| PROBLEM REQUIREMENTS |
The required output is a verbatim transcription of the listing, pictures excluded.

| DATA BLOCK |
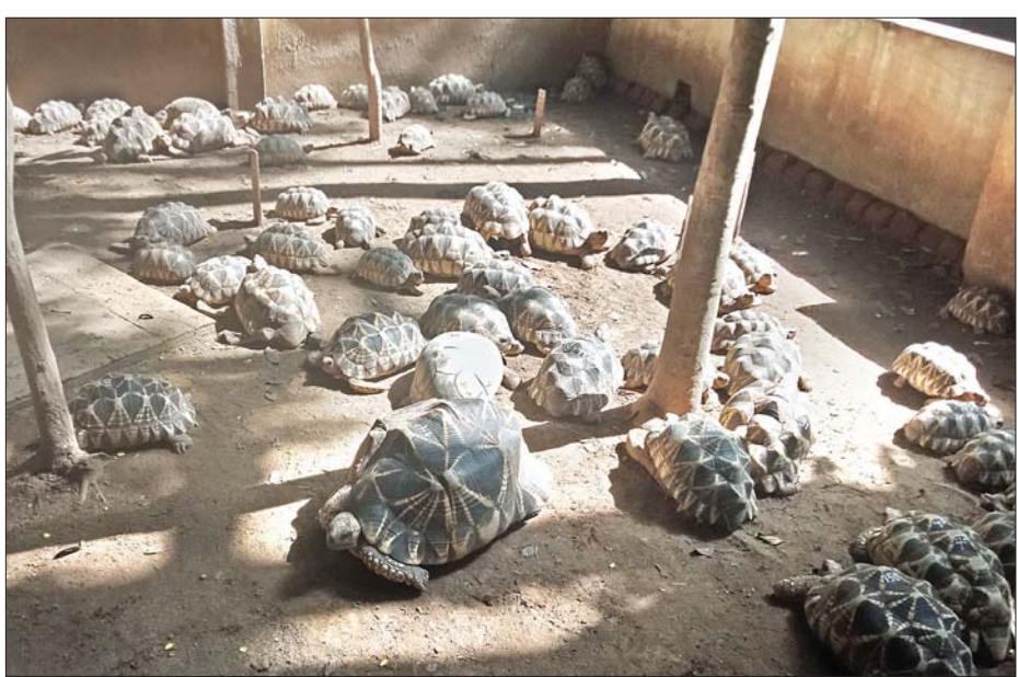
လောကနန္ဒာဘေးမဲ့တောဥယျာဉ်အတွင်း ကမ္ဘာ့အကြီးဆုံးကြယ်လိပ်ကို အခြားကြယ်လိပ်များနှင့်အတူ တွေ့ရစဉ်။
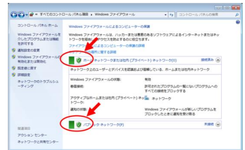
図 2 : Windows ファイアウォール確認画面
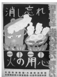
平成23年度最優秀作品

| SOLUTION |
လောကနန္ဒာဘေးမဲ့တောဥယျာဉ်အတွင်း ကမ္ဘာ့အကြီးဆုံးကြယ်လိပ်ကို အခြားကြယ်လိပ်များနှင့်အတူ တွေ့ရစဉ်။
図 2 : Windows ファイアウォール確認画面
平成23年度最優秀作品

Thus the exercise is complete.